First, given the existing barriers to suicide, a suicide that appears “impulsive” may actually reflect the genuine rational desires of the suicide. The person who rationally prefers to die may be unfairly prevented from doing so by legal and practical barriers; he may need an “impulse” to push him over the edge and enact his rational desire. (I experienced this with my most serious suicide attempt, and I would definitely feel benefited from a renewed “impulse.”)
Second, there is evidence that suicidality is not impulsive and fleeting, but is in fact very permanent over the lifespan.
Third, even if we could be certain that a would-be suicide would be glad to be rescued (we can’t), this would not be a strong moral reason to prohibit suicide. The victim’s being “glad it happened” after the fact does not render interference morally justifiable.
b. Harm from an Unsuccessful Suicide Attempt
Harm inflicted by an unsuccessful suicide attempt is entirely an artifact of the suicide prohibition, not a harm inherent in suicide.
c. Failed Signaling
Many consider the proper response to a suicide attempt to be to universally interpret it as a cry for help. A successful suicide may be seen, then, as a failed signal for help. But this attitude benefits neither serious suicides, nor would-be signalers! Again, the idea of “failed signaling” is an artifact of the suicide prohibition.
In order for a person to send a reliable signal, the suicide attempt must appear lethal while not actually being lethal. If comfortable, reliable suicide were legally and practically available, there would be very little value in choosing any other method, and any other method would be less lethal than the medical option. This would interfere with the apparent lethality communicated by a suicide attempt, thereby decreasing the motivation to make a “signal” attempt in the first place.
What an insincere suicide attempter – a “signaler” – really wants is to be rescued. That is, he wants to be forcibly prevented from committing suicide, because he does not really want to commit suicide. Remove the possibility for rescue, and you remove this insincere suicide’s motivation to make the potentially harmful attempt in the first place.
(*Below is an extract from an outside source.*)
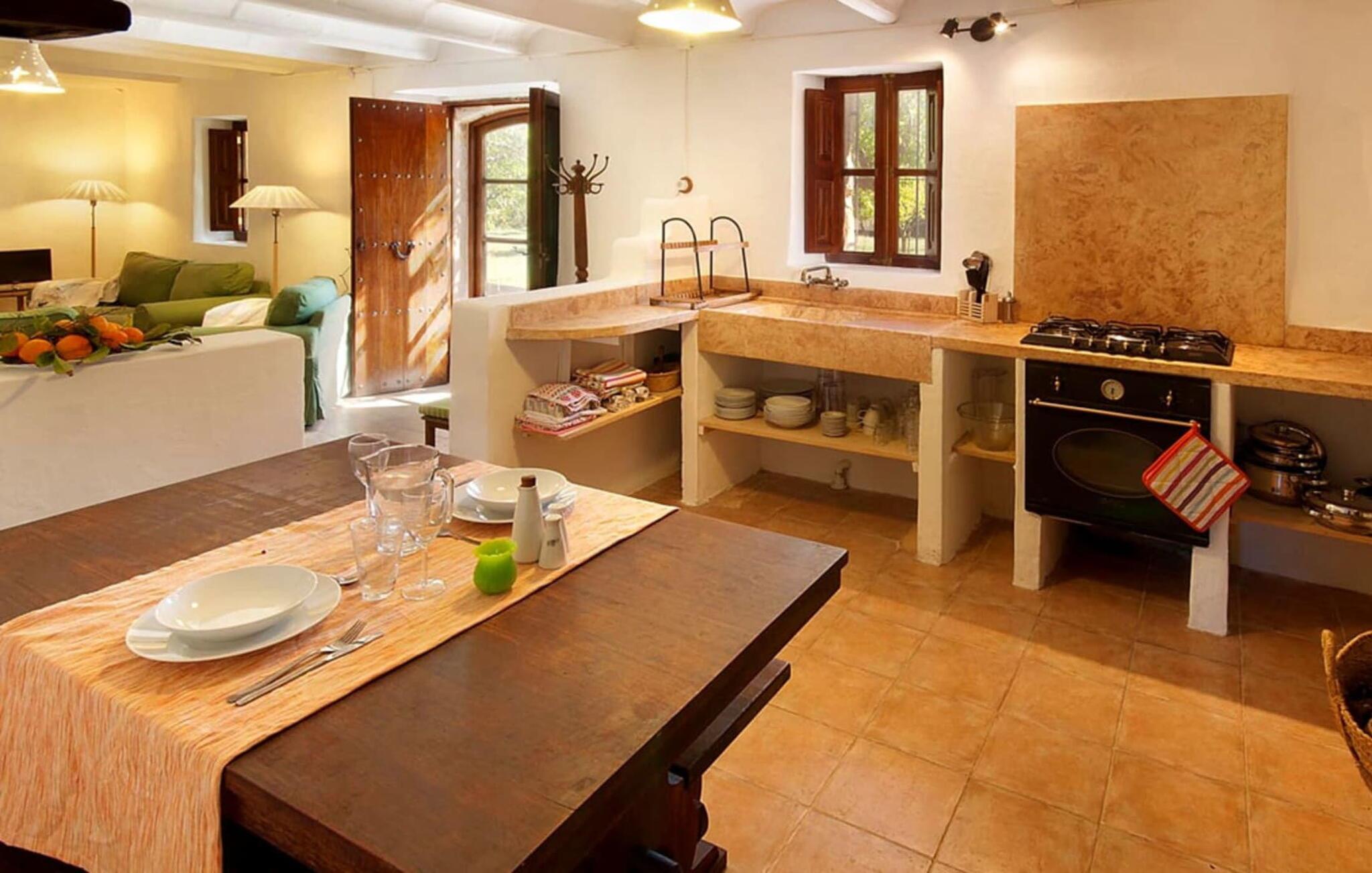 Das Ferienhaus selbst bietet auf 100 m² ausreichend Platz für bis zu vier Personen und zwei Kinder, um sich individuell auszuleben. Es gibt zwei gemütliche Doppelzimmer und zwei Badezimmer. Erwachsene können in den beiden Schlafzimmern schlafen und bis zu zwei Kinder finden auf der bequemen Schlafcouch im gemütlichen Wohnzimmer Platz. Wird dieser Raum tagsüber als Gemeinschaftsraum genutzt, sollten Fernseher, CD- und DVD-Player sowie WLAN-Internetverbindung ausreichend abgedeckt sein, damit keine Langeweile aufkommt. Die typisch mallorquinische, geräumige Küche in der Villa ist direkt vom Wohnbereich aus zugänglich. Es ist komplett ausgestattet und bietet alles für einen unbeschwerten Selbstversorger-Urlaub. Wenn Sie mit einem Baby oder Kleinkind reisen, stellen die Eigentümer der Villa (ein Ehepaar mit eigenen Kindern) gerne ein Kinderbett und einen Hochstuhl zur Verfügung. So steht Ihrem entspannten Familienurlaub nichts mehr im Wege. Da es mit 100 m² jedoch relativ „klein“ ist, eignet sich „Gonzalo“ auch für Paare, die einen ruhigen, romantischen Urlaub zu zweit verbringen möchten. Ganz gleich, aus welcher Zusammensetzung Ihre Reisegruppe besteht, Sie werden „Gonzalo“ mit Sicherheit genießen und von der fantastischen Aussicht nie genug bekommen.

It is the suicide prohibition, and not suicide itself, that causes this harm to the would-be signaler.
*These are not my words they are from a blog I read online. They provide an interesting point of view and should be read and thought about.
1 comment
The feelings surrounding suicide can be a mixed bag, but I think the most unrecognized cause of loss among all parties is fear, which is magnified almost to reveal itself proudly as having defeated those who let it. That we will all go away at some time should be encouragement to come to terms with our mortality.